On Thursday, 23rd June 2022, a hacker successfully conducted a malicious attack to steal $100 million from Harmony’s Horizon bridge, through 11 transactions that extracted tokens stored in the bridge. Incidentally, Harmony’s bridge for bitcoin remained unaffected during the attack.
1/ The Harmony team has identified a theft occurring this morning on the Horizon bridge amounting to approx. $100MM. We have begun working with national authorities and forensic specialists to identify the culprit and retrieve the stolen funds.— Harmony 💙 (@harmonyprotocol) June 23, 2022
A blockchain bridge, like Harmony’s Horizon, enables users to move assets including tokens, stablecoins, and NFTs, between different blockchains.
Immediately following the attack, Harmony stopped the Horizon bridge to prevent further transactions. It then contacted FBI and multiple cybersecurity and exchange partners, to investigate, track and assist in retrieval of stolen assets. Only after these contacts established, Harmony announced the hack via Twitter and via its blog post.
The hacker seems to have been identified as the investigating team has attempted communication with an embedded message in a transaction to their address and is awaiting response.

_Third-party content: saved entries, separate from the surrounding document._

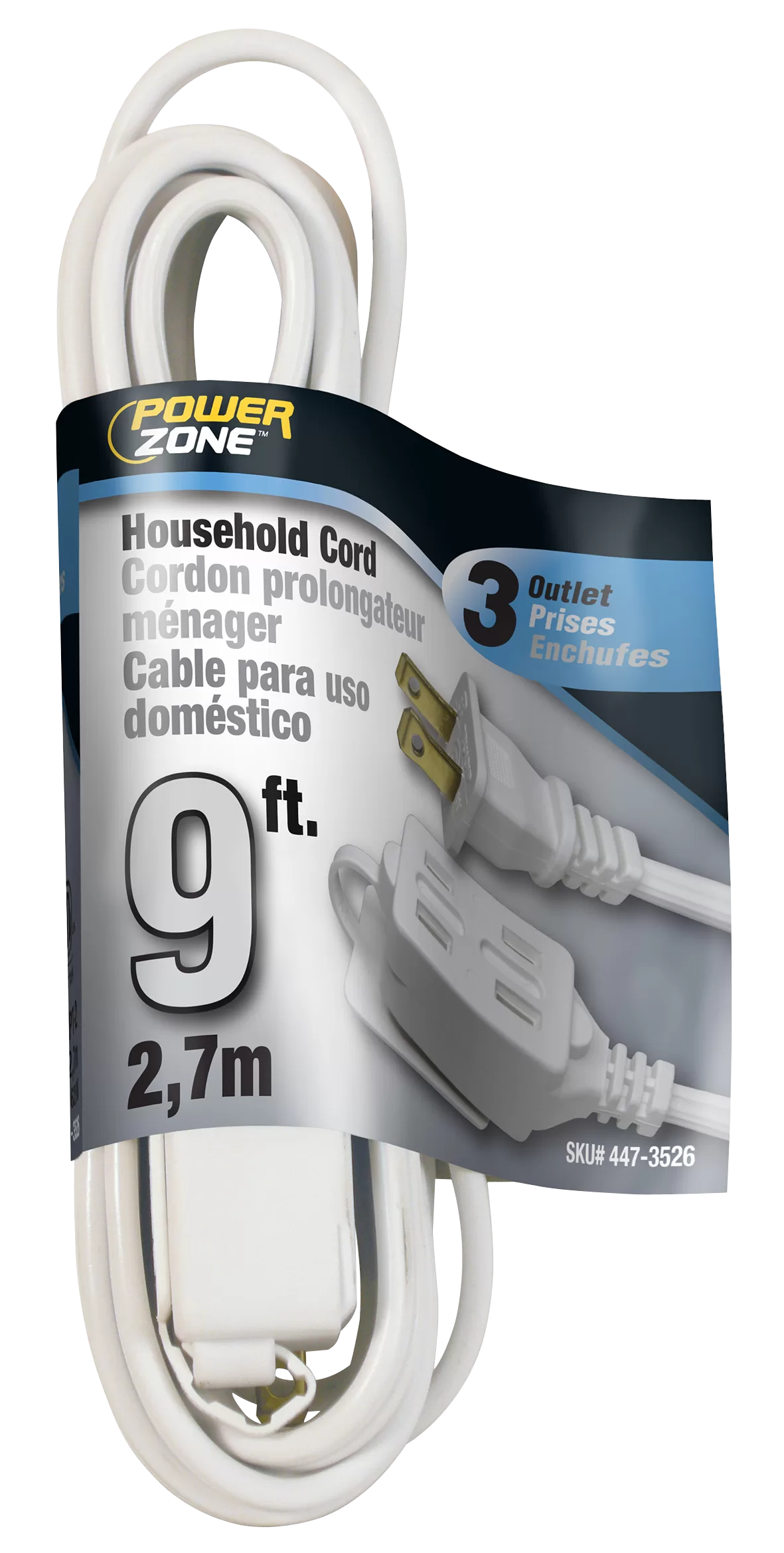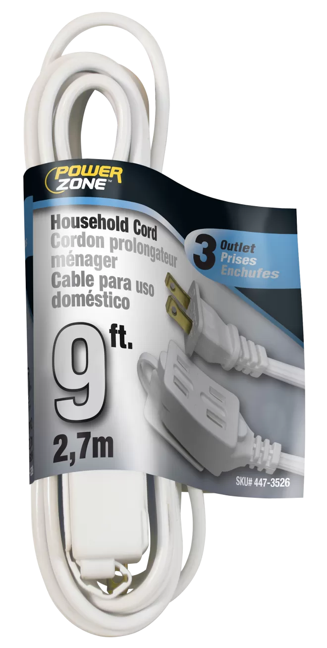 3-outlet Indoor Cord allows the use of up to three items in one small place. 16 AWG Cable, 9 ft L, 125 V, White
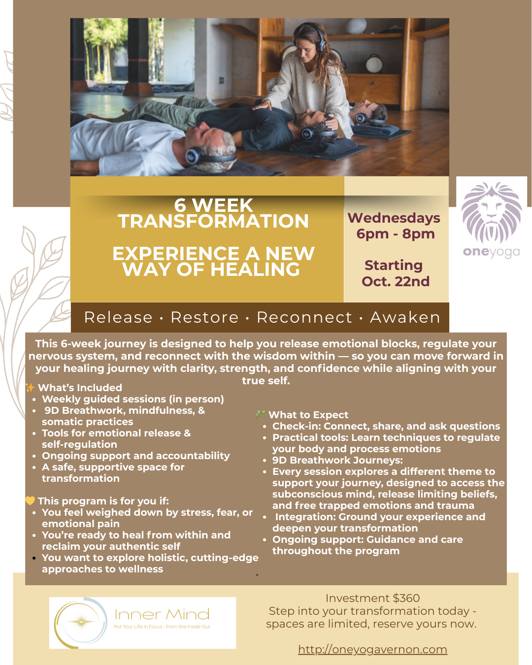 At One Yoga Vernon, we’re here to support your journey toward balance, peace, and inner wisdom. ✨
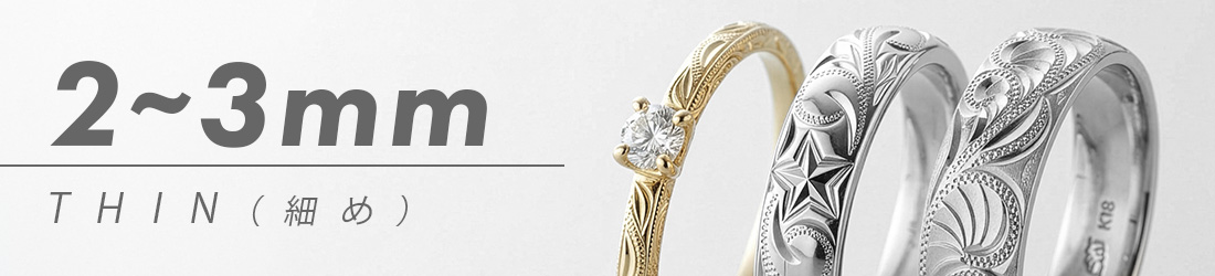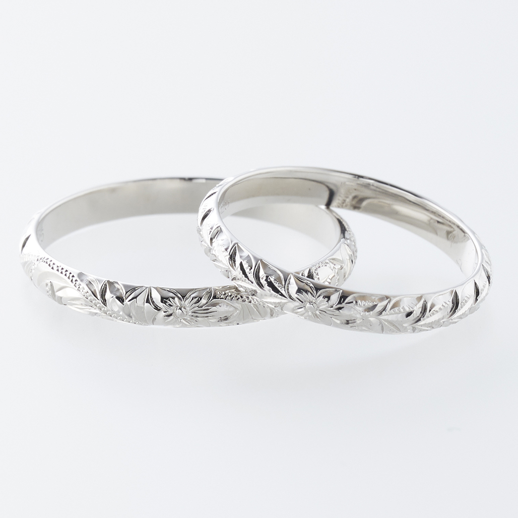 また、オリジナルの波やマイレのデザインにも選択肢があり、細くてもオリジナリティのあるリングが欲しいという方にもおすすめです。華奢な幅だからこそ、繊細な職人の技術が光る、細やかな手彫りが生きる1本になります。

In a blog post, the company said:
“This incident is a humbling and unfortunate reminder of how our work is paramount to the future of this space, and how much of our work remains ahead of us. ... We are working around the clock to ensure both the investigation and recovery of stolen funds are concluded in the most time efficient manner possible."
This breach marks the third major bridge hack this year alone. Even if we exclude the Horizon hack, money stolen from bridges exceeds $1 billion, according to some analysts.